Di mister Fascetti è celebre la frase: "Chi vuole, resti. Chi non se la sente, può andar via subito. Chi resta combatte fino alla fine". Cosa ha rappresentato per lei questo allenatore e cosa le ha dato a livello umano?
"Mister Fascetti è sempre stato uno dei miei allenatori preferiti. Io ho sempre detto di aver avuto due grandi allenatori: lui e Bagnoli. Due uomini molto simili, di poche parole ma con grandi valori. Come accennato prima con Fascetti, mi ritrovai al Verona dove, insieme ad altri ex laziali come Icardi e Acerbis, riuscimmo ad arrivare secondi in Serie B conquistando la promozione praticamente senza una società alle spalle. Fu una bella annata anche quella e Fascetti fece un’altra grande impresa".
Nell’anno in cui lei tornò dalla Cavese alla Lazio, ci fu la retrocessione in Serie B. Quale fu la sua sensazione e come reagì il popolo laziale?
"Dalla Primavera andai alla Cavese. Ero un giovane che giocava un calcio pulito, semplice. La B per me fu un campionato duro, ma anche una grande esperienza. Tornai alla Lazio in Serie A, tra molte aspettative, data la squadra formata da grandi campioni. Per me andò benissimo, ero molto giovane e feci un ottimo campionato, nonostante la mia età e la poca esperienza. Però a livello di collettivo fu una grande delusione, un duro colpo, inaspettato per noi e per tutta la tifoseria".
Spostando l'attenzione sulla Lazio di oggi, stiamo vivendo l'esplosione di una vera e propria stella come Felipe Anderson.
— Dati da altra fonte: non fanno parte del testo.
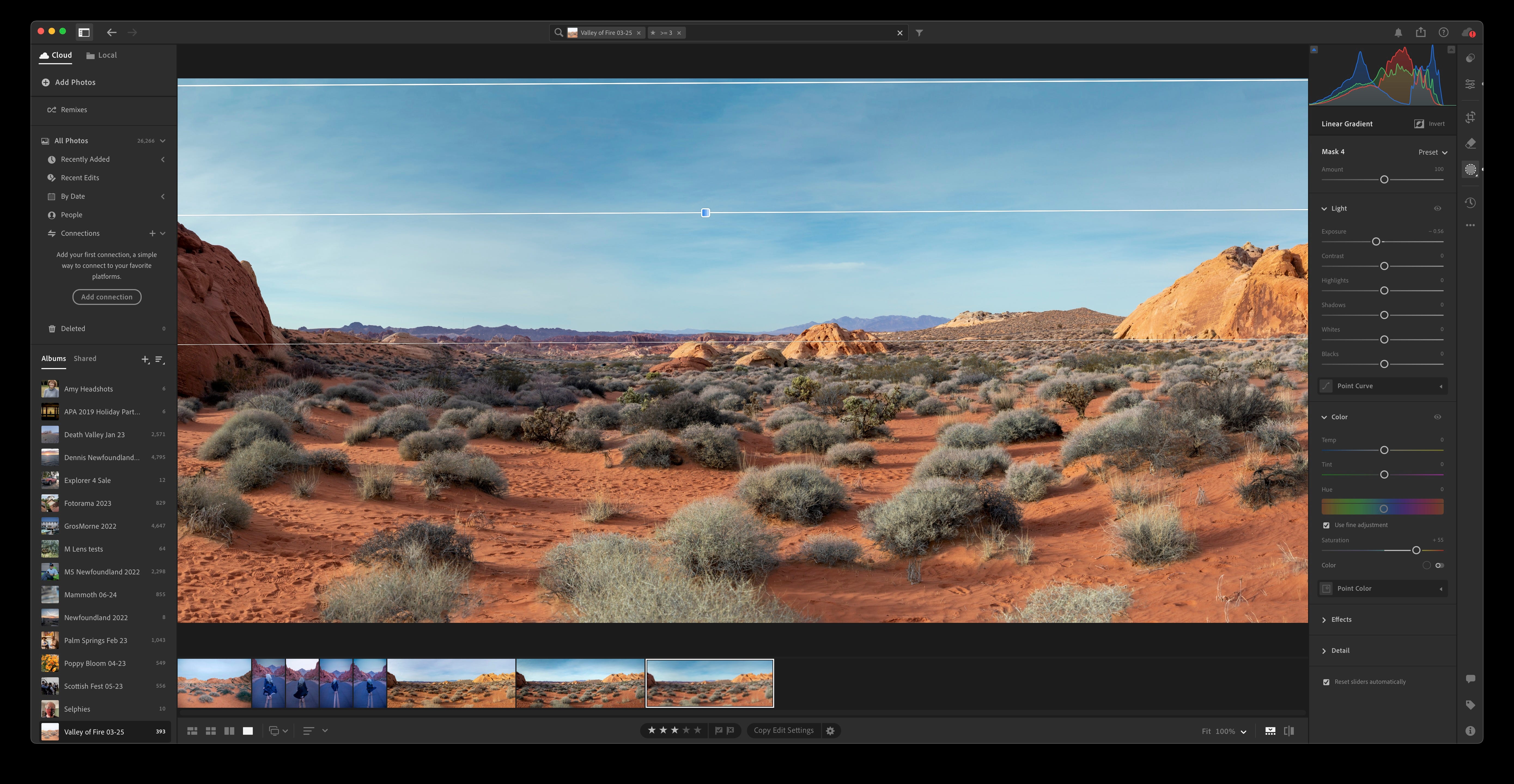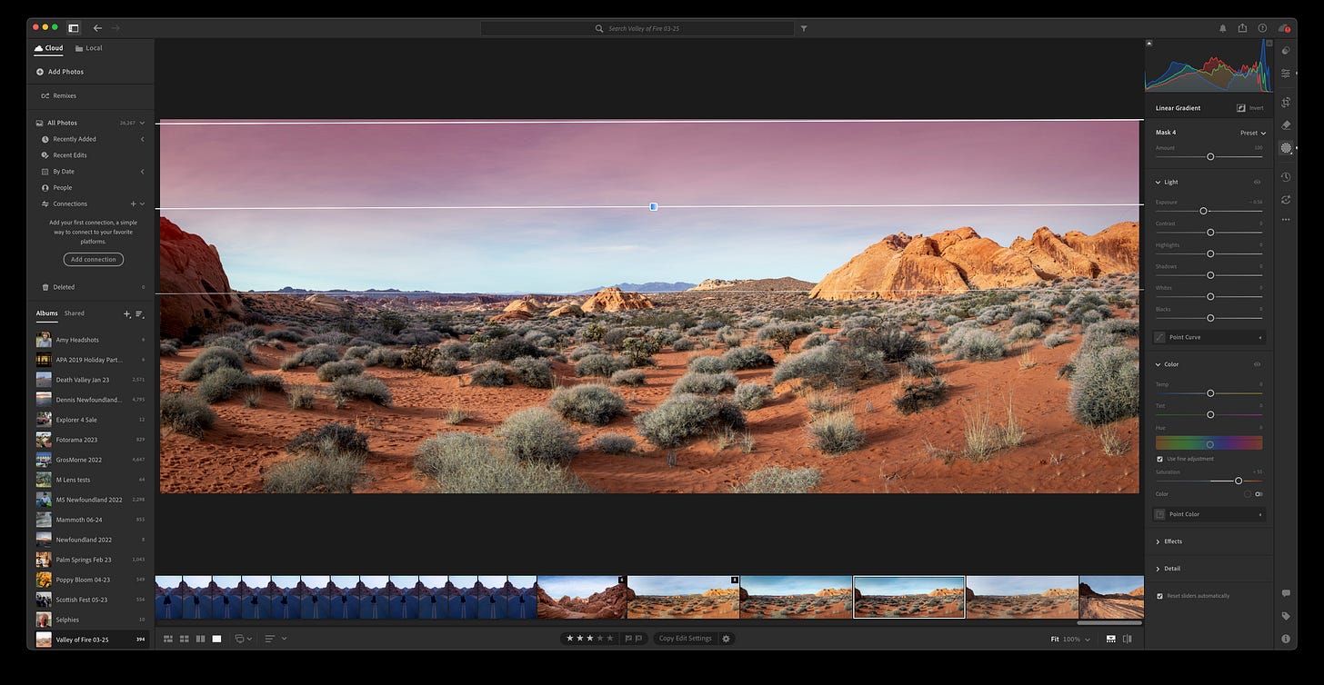 To give the sky a bit more depth and help hold the viewer’s eye in the frame, I used a Linear Gradient Mask from the top down and pulled down the exposure slightly.

Ritiene possa continuare così, o c'è anche il minimo rischio che possa seguire le orme di Zarate che dopo una stagione fantastica si è involuto?
"Non credo, Felipe Anderson è più forte di Zarate. Ha caratteristiche diverse e poi ha un altro carattere".
Secondo lei quanto manca alla Lazio per poter competere per lo scudetto o comunque rimanere in pianta stabile in zona Champions?
"Se pensiamo alla Lazio di oggi non manca moltissimo. Secondo me con due o tre ritocchi di ottimo livello può ambire al primo o al secondo posto. È chiaro che bisogna rimanere con i piedi per terra, lavorando molto e dando continuità ai risultati. Credo che la Lazio non debba smantellare questa squadra, ma debba eliminare il superfluo e andare a rinforzare lì dove c'è bisogno".
Lei era presente alla serata "Di Padre in Figlio" del 12 maggio 2014. Che effetto le ha fatto vedere uno stadio così pieno e che emozioni ha avuto?
"E' stata una grandissima emizione vedere lo stadio pieno, era una vita che non lo vedevo così. C'erano famiglie, bambini, era un ambiente sereno, come dovrebbe sempre essere d'altronde".
Lei ha giocato nella Lazio tra gli anni '80 e '90, cosa cambia con il passaggio dalla difesa con il libero alla difesa in linea?
"A livello tattico qualcosa è cambiato, ma già quando giocavo io non si giocava quasi più con il libero staccato. Il libero era quello che si staccava e andava in chiusura per sventare una situazione di pericolo. C'era però anche il rischio che tenesse in gioco un attaccante. In generale i difensori di una volta sapevano difendere, oggi ce ne sono pochi bravi, magari sanno impostare e sono bravi tecnicamente. Chiellini è un vero difensore, fortissimo, uno dei più forti al mondo. Tanti gol che vediamo ai nostri tempi, anche di pregevole fattura, sono frutto di errori dei singolo. Anni fa sarebbero stati evitati".
Negli ultimi anni in Italia stanno facendo la differenza le ali veloci, vedi Cerci lo scorso anno, Gervinho, Menez, Candreva. Qual è il miglior modo per affrontare questi giocatori?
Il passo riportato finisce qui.